The time for the widespread use of some form of military drone has arrived, not merely on the battle field by nation states but also by terrorist groups, and it appears that it is an underreported present threat world-wide. One report has stated that nine countries have used armed drones in combat: the United States, Israel, the United Kingdom, Pakistan, Iraq, Nigeria, Iran, Turkey, and Azerbaijan. Those are the ones that have reported their use, but we can safely guess that there are other countries that are in the process of developing the armed drone. And similar to the traditional piloted operated fighter, the military drone falls into categories dependent upon how high they fly, their armament and their endurance of flight. Not surprising is that the United States and Israel are the top sellers of military drones with China following closely behind. What did surprise me was that India and the UK are among the largest of the purchasers.

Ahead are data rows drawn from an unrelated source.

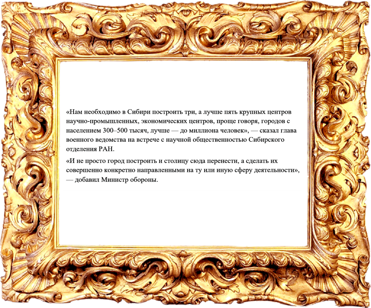 Но, господин Шойгу не просто мечтает о больших и прекрасных городах в Сибири. Он мечтает перенести столицу Государства на территорию Сибири.
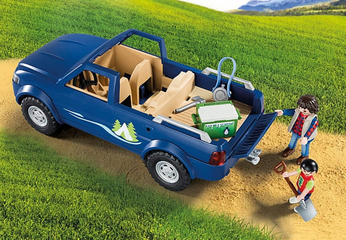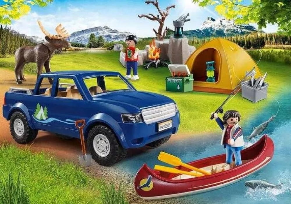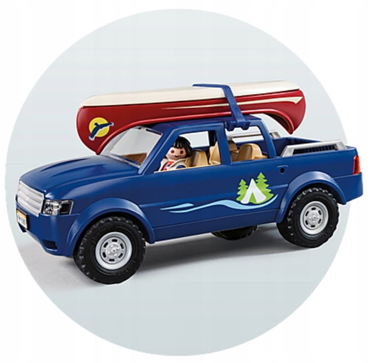- Akcesoria: granatowy samochód typu pickup, czerwony kajak z wiosłami, namiot, wędka, + wiele akcesoriów tematycznych
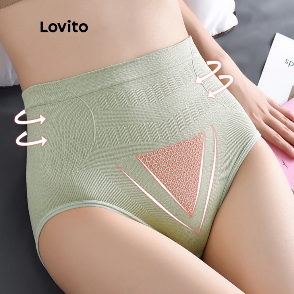 Lovito Đồ định hình đồ nâng mông cạp cao màu trơn l004014 (màu xanh lá/màu be/Màu xanh lá cây)
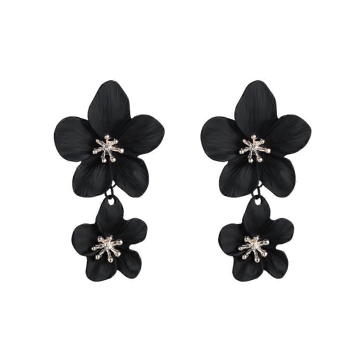 Handmade Bohemian Large Matte Double Dangle Drop EarringsMetal floral Stud Earrings For Women
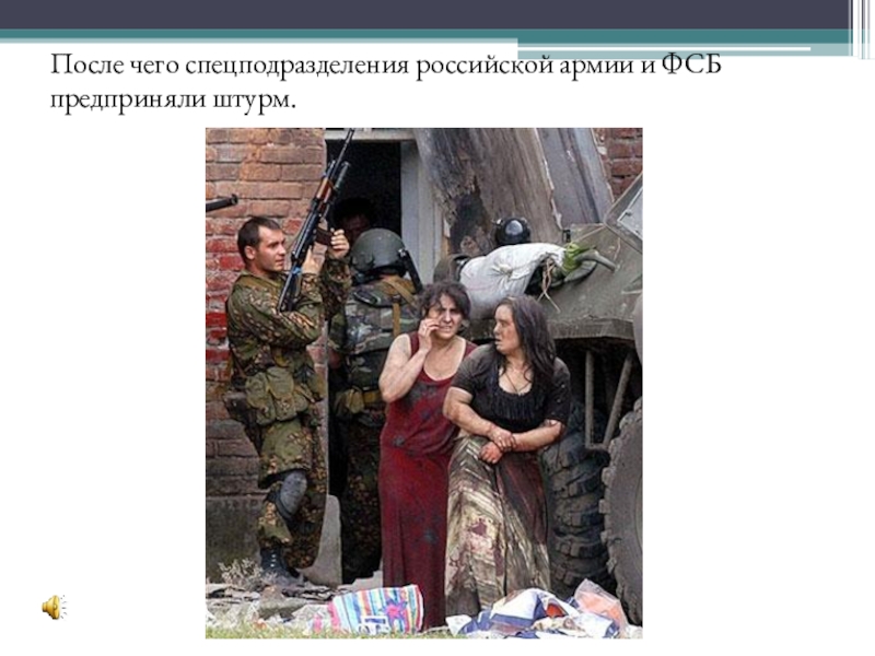 Слайд 19После чего спецподразделения российской армии и ФСБ предприняли штурм.
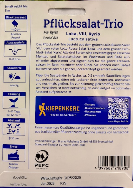 Das Pflücksalat-Trio besteht aus dem grünen Lollo Bionda Salat 'Vili', dem roten Lollo Rossa Salat 'Loka' und dem grünen Eichblatt-Salat 'Vizir'. Alle drei Sorten sind resistent gegen Falschen Mehltau und Salatblattläuse, während ihr Wachstum und ihre Reife aufeinander abgestimmt sind, was sie ideal für die gesamte Freilandsaison im Beet, Hochbeet oder Kübel macht. Sie können nach Bedarf blattweise oder als ganzer, lockerer Kopf geerntet werden. Genießen Sie die zahlreichen Möglichkeiten, die diese köstlichen Salatsorten bieten! Das Trio bringt Abwechslung in Ihre Küche und sorgt dafür, dass Sie immer frische und gesunde Zutaten zur Verfügung haben. Ihre Gäste werden die Vielfalt und den Geschmack der verschiedenen Blattsalate schätzen, die diesem Trio seinen besonderen Reiz verleihen. Entdecken Sie die köstlichen Geschmäcker des Pflücksalat-Trio für Ihre Gerichte!Inhalt 5 Meter saatband

On 9/11, after leaving my law school and prior to catching the last subway out of Brooklyn to Manhattan, I spent an hour on a high floor in a Brooklyn apartment overlooking the East River toward a large heliport jutting out into the river in the Wall Street area of Manhattan. Within minutes private planes disappeared from the landing site and a number of combat army helicopters appeared. It was my assumption that they were going to be utilized to evacuate high level government personal from the City. The late, brilliant Ian Cuthbertson set me straight: What was feared was there would be a follow-up attack by small, comparatively slow one engine planes that could not be intercepted by fast moving fighter jets and, thus, the use of the slower attack helicopters.

Which brings me to today: attack drones are not the little toys, similar to those one can purchase on Amazon. They are large enough and capable of transporting a large assortment of weapons including rockets. Why not explosives? Why not steal, manufacture or have them purchased by Iranian agents from China and then innocuously shipped in multiple stripped down parts to the waiting terrorist in the U.S. They could then be secretly reassembled and armed with explosives to be flown under the radar screen at numerous soft targets in New York, Washington or any other high value targets. Not unreasonable and real.